Japanese investors are staying away from Europe in favour of Treasuries again
It's something of a trend that has been developing since Q4 2018 as Japanese investors look to switch money from European bonds to that of the US, as global growth slowdown and recession fears continue to grip markets.
In Europe, we're seeing bund yields fall back towards 0% while in Japan, investors are squeezed out by the fact that the BOJ basically owns half of JGBs in the bond market. That is leaving little options for investors to really find investment opportunities.

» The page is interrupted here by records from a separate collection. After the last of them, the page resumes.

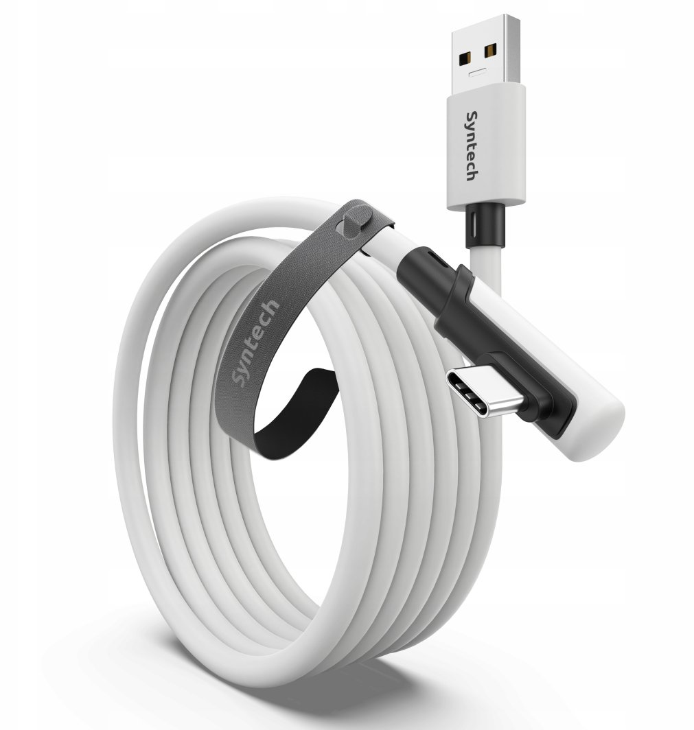 Kabel USB-A na USB-C o długości 3 metrów, stworzony przez firmę Syntech, to znakomite rozwiązanie dla pasjonatów wirtualnej rzeczywistości. Dzięki swojej długości, zapewnia on swobodę ruchu podczas korzystania z aplikacji VR, takich jak PC VR i SteamVR. Jego elegancki, biały kolor sprawia, że doskonale komponuje się z każdym zestawem gamingowym.
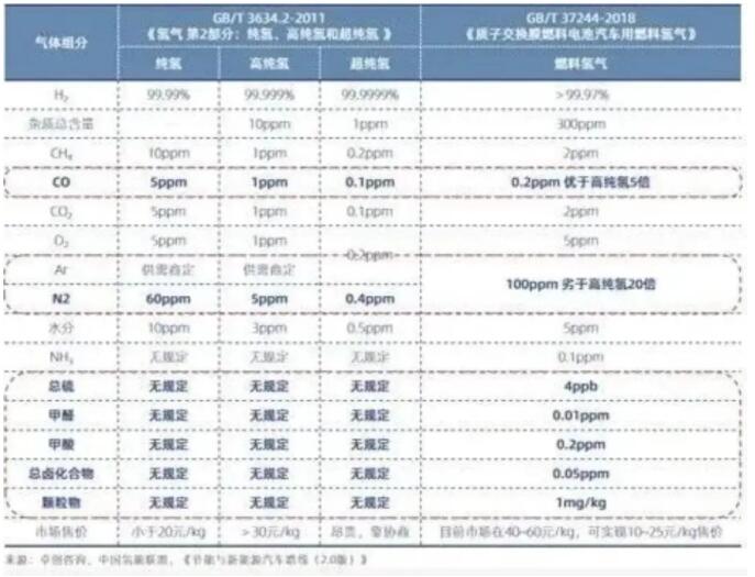 质子交换膜燃料电池用氢气的纯度要求低于工业用纯氢、高纯氢、超纯氢的纯度要求,但其对杂质含量的要求远比工业用高纯氢、超纯氢的更为严格,不仅对常规烃类、CO、CO2、N2、Ar、水蒸气等杂质含量进行了限定,而且对总硫、总卤化物、甲醛、甲酸、氨等杂质的含量也进行了严格限定。
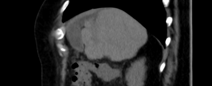 TC de abdomen corte sagital. Se observa la hipoplasia hepática del lóbulo derecho.
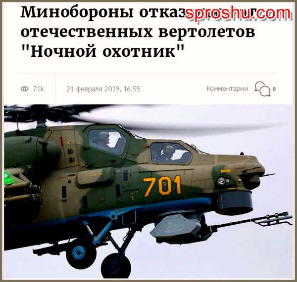 Я полагаю - основной причиной отказа Министерства Обороны России от закупки вертолётов "Ночной охотник" - их дороговизна по сравнению с нашими же аналогами. Видимо, эту боевую. машину и готовили на экспорт. Сам по себе вертолёт очень хороший, но, видимо, его будут закупать страны, где денег девать некуда. Например - ОАЭ, Саудовская Аравия, Катар и прочие. Американцы прикупят, для изучения и что-нибудь скоммуниздить. Но они прикупят уже через тех же саудов. Это моё личное мнение.
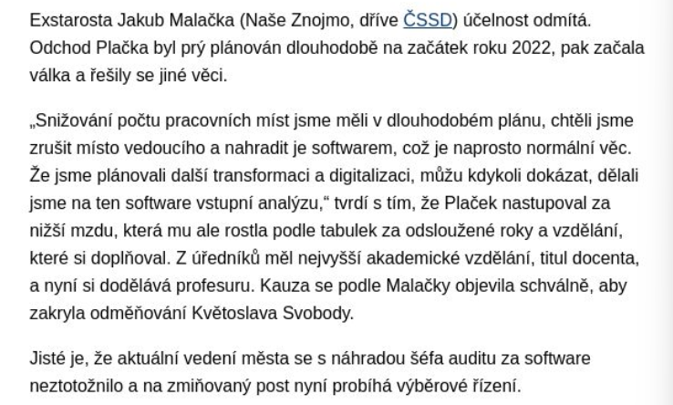 Když na podzim 2022 končila radnice vedená tehdejším starostou Jakubem Malačkou (dříve ČSSD, dnes Naše Znojmo), z městského úřadu odešel po téměř dvanácti letech vedoucí interního auditu Michal Plaček (dříve ČSSD). Ten získal odstupné ve výši téměř půl milionu korun.
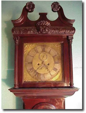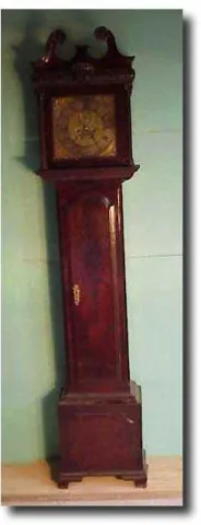 brass dial, 8 day time and strike, bracket base, carved bonnet, height 8' (no additional description available)...
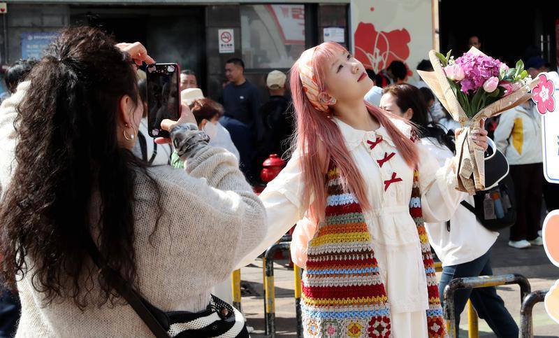 省外游客在斗南花市打卡拍照,留下春天的美好记忆。
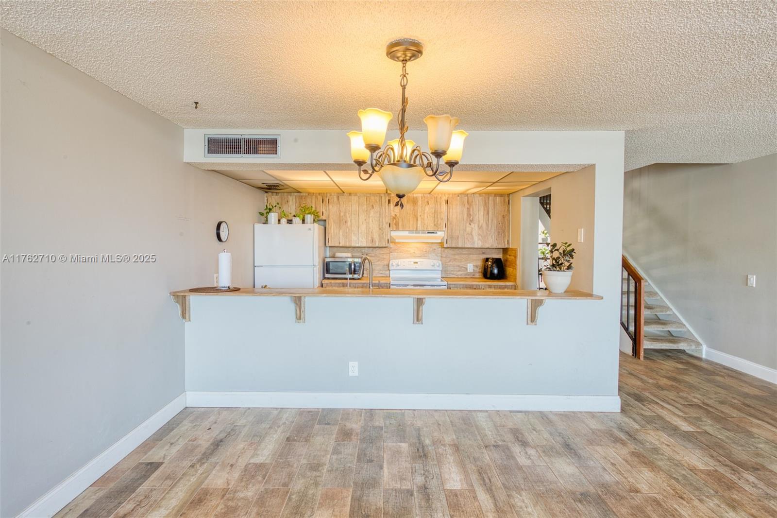Welcome to your serene retreat in the Villas Lakes Community of Pembroke Pines. This spacious, corner townhome offers volume ceilings and a west view of the lake - perfect for watching the sunset. Fantastic layout with 1 bedroom and full bathroom downstairs and a kitchen that opens to the living areas. Upgrades include a beautifully renovated primary bathroom, wood-look tile downstairs, and a 2020 AC system. The large patio is great for entertaining and offers the best view in the community. Low HOA fee includes the pool, basketball court, tennis court, club house, cable, landscaping & roof repairs. Zoned to top schools with great shopping and dining nearby.

Treasuries have been shunned by Japanese investors since 2017 due to the fact that the actual cost of hedging the currency risk has continually risen thanks to the increase in Libor despite the cross-currency basis swap being relatively low:
I explained more on that in a post last year here.
So, why are Japanese investors coming back to Treasuries again if the cost related to hedging the currency risk is still high?
I reckon it could be due to the fact that investors would rather participate in potential capital gains (falling yields) offered by Treasuries and perhaps bite the bullet and leave their investment unhedged against currency risks.
From an investing perspective, there's a couple of reasons still supporting a move lower in bond yields i.e. weakening inflation, global growth slowdown (recession fears) and more dovish central banks. But the last reason is likely key to the decision here.
The ECB and BOJ are already in negative rates territory and would have limited scope for further rate cutting in the event of a global economic downturn. Whereas if you compare that to the Fed, there's plenty of room to cut rates from the current 2.25% to 2.50% range and that will allow for yields to head much lower if and when such circumstances are to arise.
With global bond market players seeking out Treasuries, it provides an indirect tailwind for the dollar in the bigger picture so this is something to consider in the medium-to-long term.